Je me drogue

Je me lève, je déjeune, je m’assieds et j’écris. J’écris. J’écris. Je ne peux rien faire d’autre, je n’ai le droit de rien faire d’autre. On me subventionne, on croit un peu en moi, pas grand monde, deux mécènes. Je ne peux pas les décevoir. Je ne peux pas échouer. J’écris. Le premier roman est publié, on en vend, pas assez pour survivre. Alors j’écris. Pour me donner une chance. Que quelque chose quelque part se passe. J’écris. Ca va démarrer. Ca doit démarrer. Alors j’écris. Des nouvelles, des romans, des textes courts. Il faut que la mayonnaise prenne. Ca va prendre. J’écris.

Et puis tout se ramollit. Les sentiments je les écris. Juste. Je les écris. Je me sèche. Je ne sens plus rien. Les sourires, je les écris. Je ne les vois plus, je les écris. Les conversations, je les écris. Je les écoute de loin, mais je les écris. Les paysages, je les écris. Je les vois et je les écris. Je suis sec. Je suis terriblement sec. 

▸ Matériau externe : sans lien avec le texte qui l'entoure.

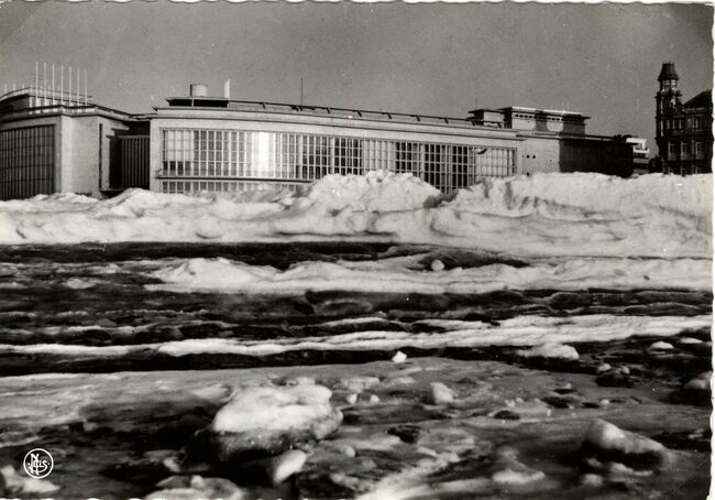 De "Ijzer", gemeerd aan de Pakketbotenkaai. Het water in de havengeul is gedeeltelijk bevroren. Het kleine vrachtschip "Ijzer" werd gebouwd in 1954 op de scheepswerf Béliard-Crighton (Oostende) voor…

Au début, on m’a dit que l’écriture était une thérapie. Je ne pense pas. Je n’avais rien à thérapisser. Rien de fondamental. C’est devenu machinal, j’entends les conversations et je rêve déjà de les écrire, je vois un ciel lavandé, ravagé par les nuages et je rêve de l’écrire, je tombe amoureux et je rêve de l’écrire. Je ne suis plus là, je ne suis plus nulle part. J’écris. Je ne filtre plus rien. Ca passe de mes sens à mes doigts. Je ne ressens plus, je m’assèche. Les drogues dures font ça. L’écriture est ma drogue dure. Je me drogue. Et je l’ai découvert ce matin.